Kubernetes 1.22 was recently released and the steady march towards deprecating the docker shim progresses. On-premise cluster admins may be a bit daunted by the task of migrating to a new container runtime, but fear not! We recently helped a client through the process and wanted to share our findings to help make the migration easier for everyone.
Preparations
Before you start re-adding nodes to the cluster, it’d be wise to set the kubelet-config configmap to use the systemd cgroup driver. You can find instructions on that here:
Migration
Start by picking your least favourite worker node, cordoning it and waiting for the workloads to drain from it.
kubectl drain <node-name> --ignore-daemonsets
Then remove it from the cluster.
kubectl delete node <node-name>
Now reset the removed node and clean it up:
kubeadm reset
Stop docker and kubelet
systemctl stop kubelet
systemctl disable --now docker
Remove docker and reinstall containerd. Unless you mark the containerd package as manually installed, some package managers remove it as a dependency of docker-ce.
Make sure you clean up the data that isn’t cleared when running reset
- /etc/cni/net.d/*
- /opt/cni
- /var/lib/docker
- /var/lib/dockershim
Prepare the system for containerd as described here: https://kubernetes.io/docs/setup/production-environment/container-runtimes/#containerd
cat <<EOF | sudo tee /etc/modules-load.d/containerd.conf
overlay
br_netfilter
EOF
sudo modprobe overlay
sudo modprobe br_netfilter
# Setup required sysctl params, these persist across reboots.
cat <<EOF | sudo tee /etc/sysctl.d/99-kubernetes-cri.conf
net.bridge.bridge-nf-call-iptables = 1
net.ipv4.ip_forward = 1
net.bridge.bridge-nf-call-ip6tables = 1
EOF
# Apply sysctl params without reboot
sudo sysctl --system
Now we generate the default config for containerd
sudo mkdir -p /etc/containerd
containerd config default | sudo tee /etc/containerd/config.toml
edit the containerd config file to enable the systemd cgroup driver for the CRI
In /etc/containerd/config.toml
And below the line:
[plugins."io.containerd.grpc.v1.cri".containerd.runtimes.runc.options]
Add:
SystemdCgroup = true
Start and enable containerd:
systemctl enable --now containerd
Once containerd is up and running you’ll need to re-install kubelet and kubeadm. I found that kubelet only reliably detected the new container runtime when reinstalled. If anyone knows of a way to get this to work without reinstalling, send your answers on a postcard please :)

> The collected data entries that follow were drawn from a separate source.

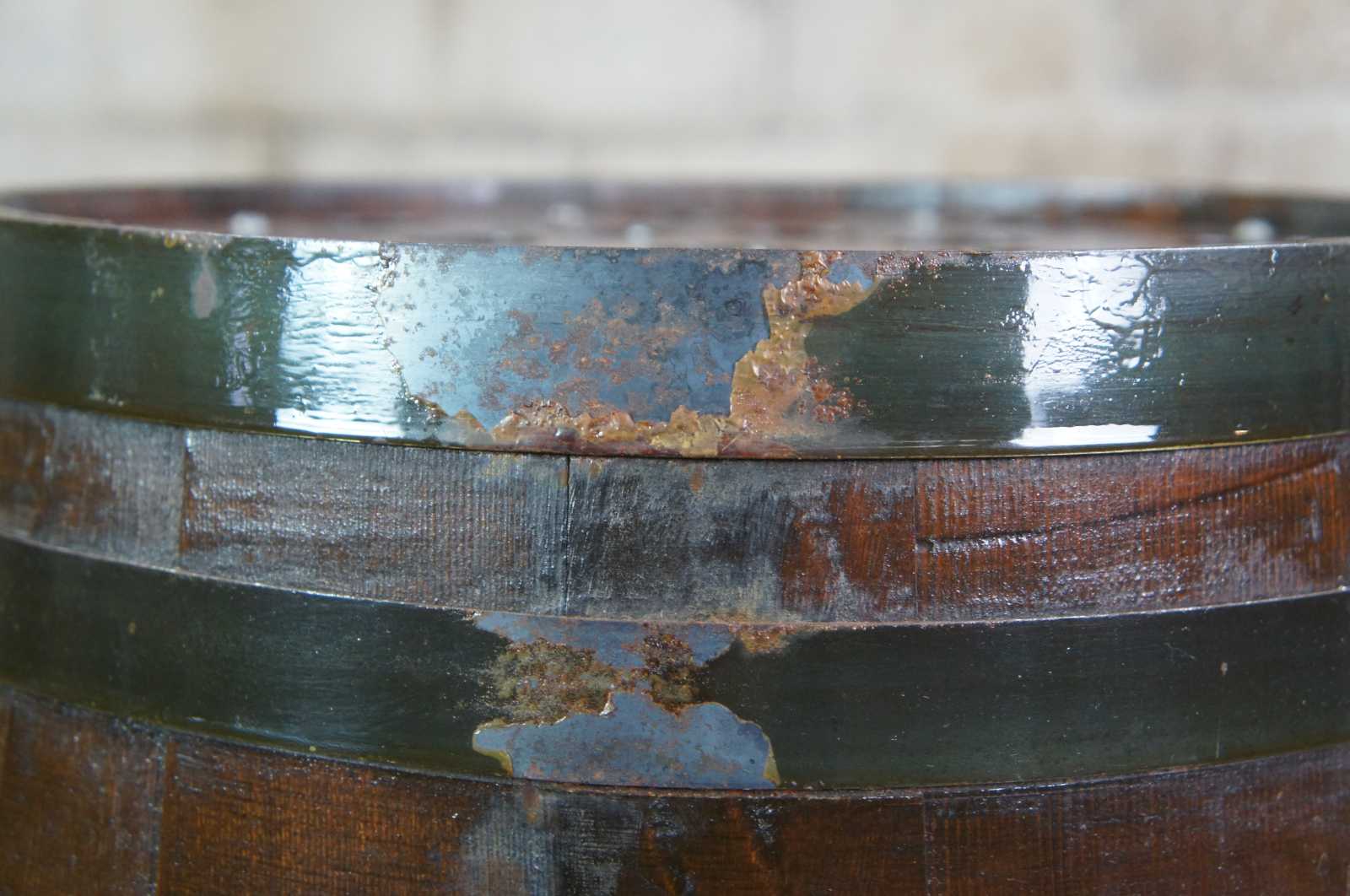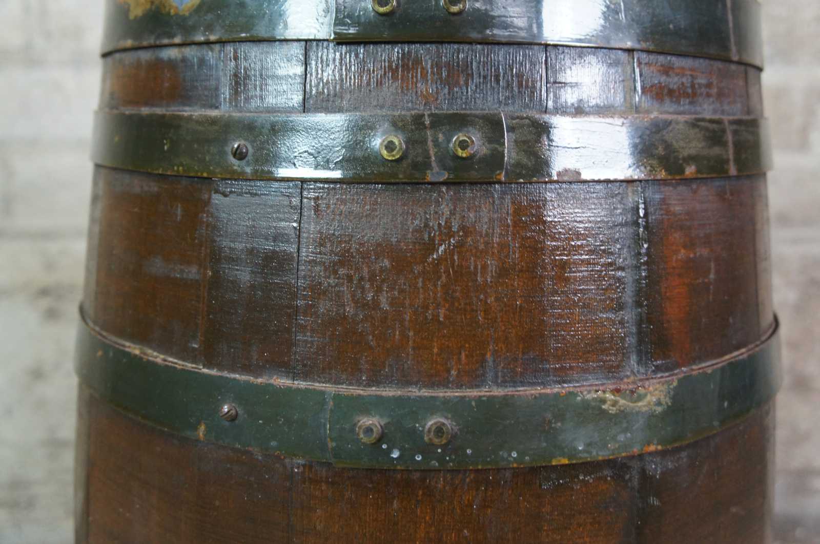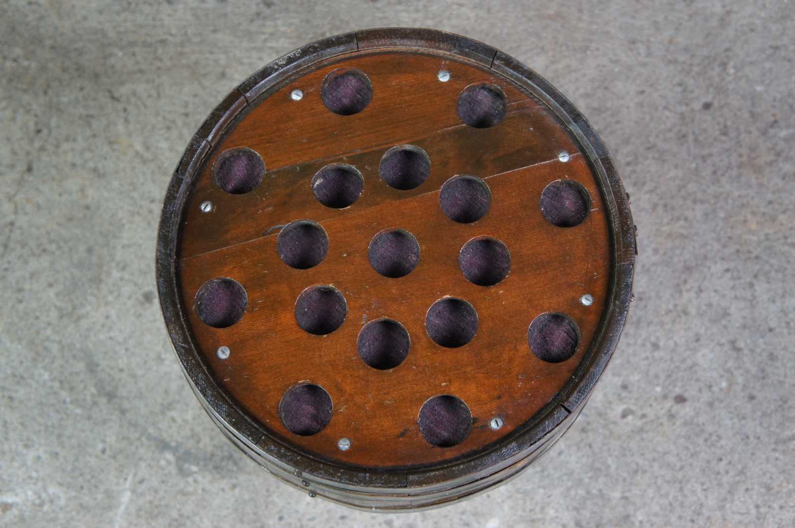 An antique whisky barrel that was converted into a speaker in the 1960s. Beautifully designed with metal banding and port holes for sound.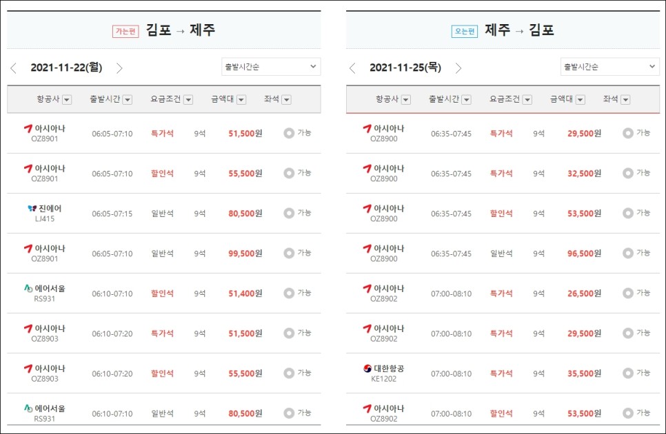 11개 항공사의 리얼타임 항공권 예약 시스템도 갖추고 있어 제주도 항공권의 특가 비교가 가능합니다. 아래와 같이 왕복이 시간대별로! 나오기에 정말 편합니다 상부의 역삼각형을 누르면 필터의 정렬도 가능합니다!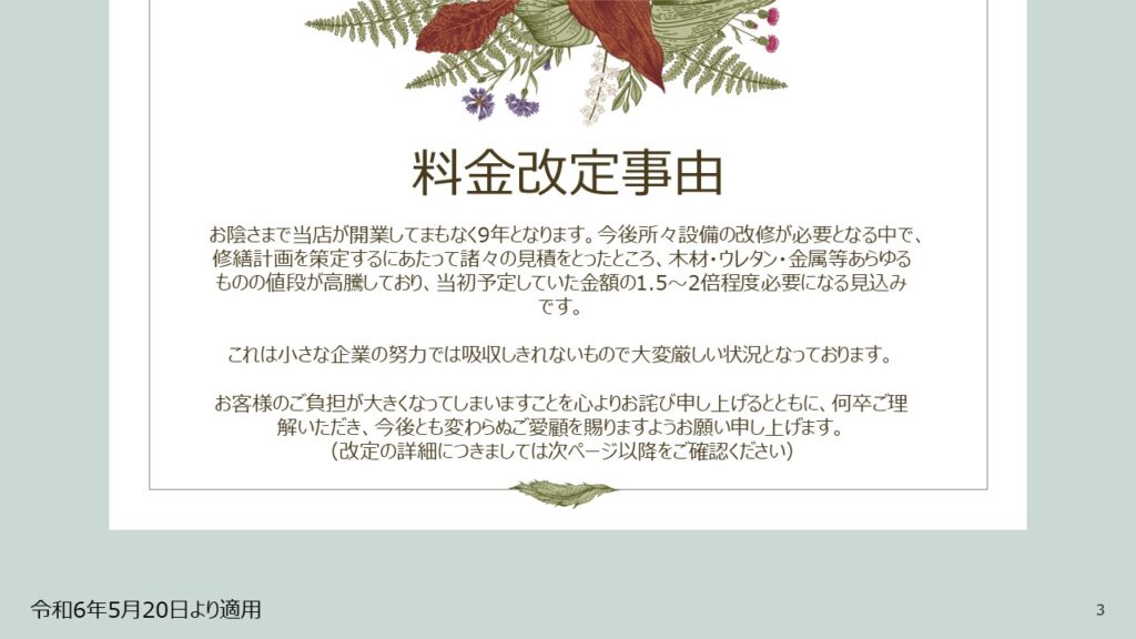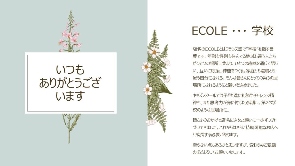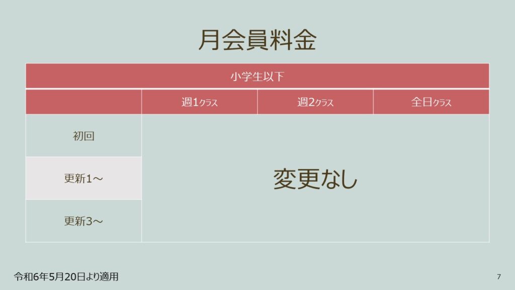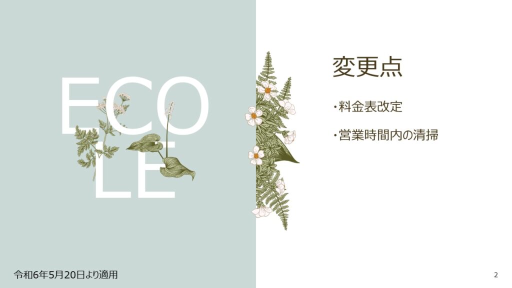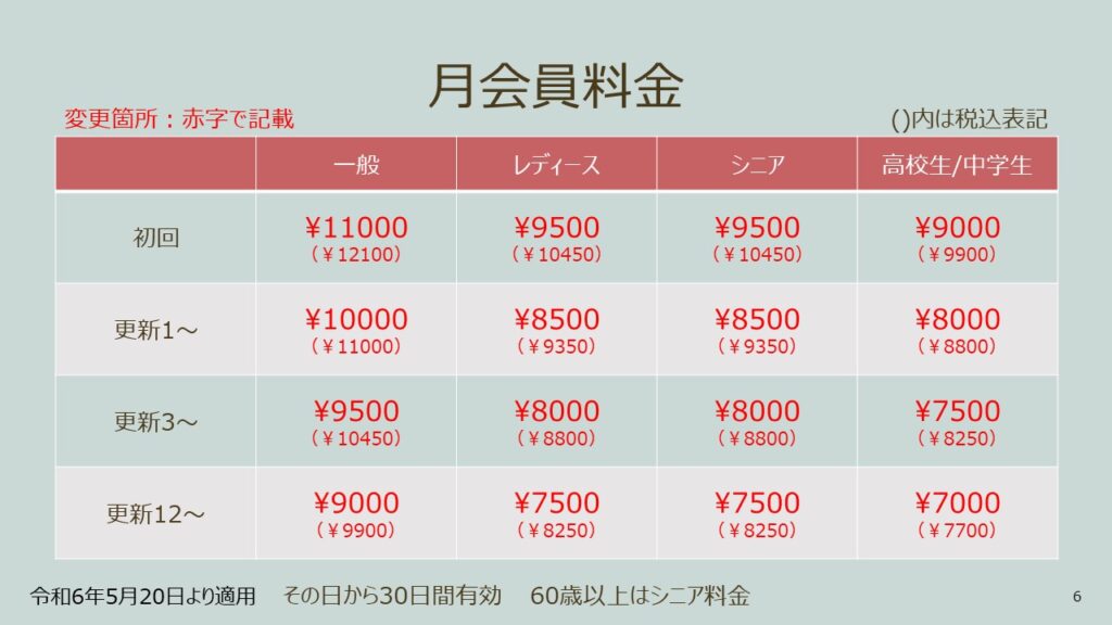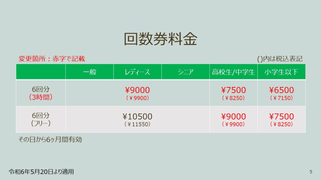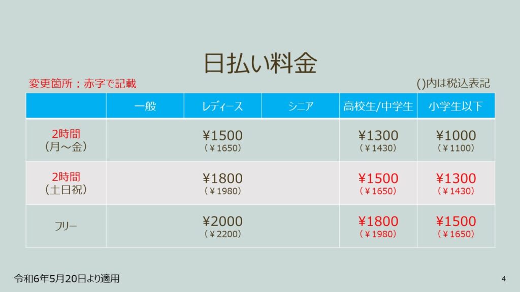 料金表改定のお知らせ 2024 5/07 ECOLE ブログ 2024年5月7日2024年5月8日 URLをコピーしました! ECOLE ブログ よかったらシェアしてね! URLをコピーしました! URLをコピーしました! リード/メンバーシップ料金改定のお知らせ 「キッズスクール再編」について おすすめ記事 保護中: 大野城市スポーツ少年団 様 2025年9月26日 保護中: サンフィールドスポーツクラブ 様 2025年9月9日 セルフ営業サービスの利用説明資料 2025年6月4日 セルフ営業サービスのご利用に関する重要事項説明書 2025年6月2日 保護中: セルフ営業の利用登録と入退店について 2025年5月31日 シニア割引制度終了のご案内 2025年5月20日 夏季限定)料金改定のお知らせ 2025年5月5日 「キッズスクールOB・OGのご利用」について 2025年3月7日

Finally rejoin the node to the cluster. You should be able to verify the Node’s CRI with
kubectl get nodes -o wide
Once this is all done for your worker nodes, your control plane nodes are next. The steps are mostly the same, but if you run etcd in-cluster, it may be a good idea to reset your nodes before you delete them, to ensure they safely exit the etcd cluster.
Now with Docker removed and your cluster fully migrated to Containerd, you have much less to worry about in the upcoming kubernetes updates! You still have a little bit of time of course, with the earliest possible deprecation being later this year with kubernetes version 1.23.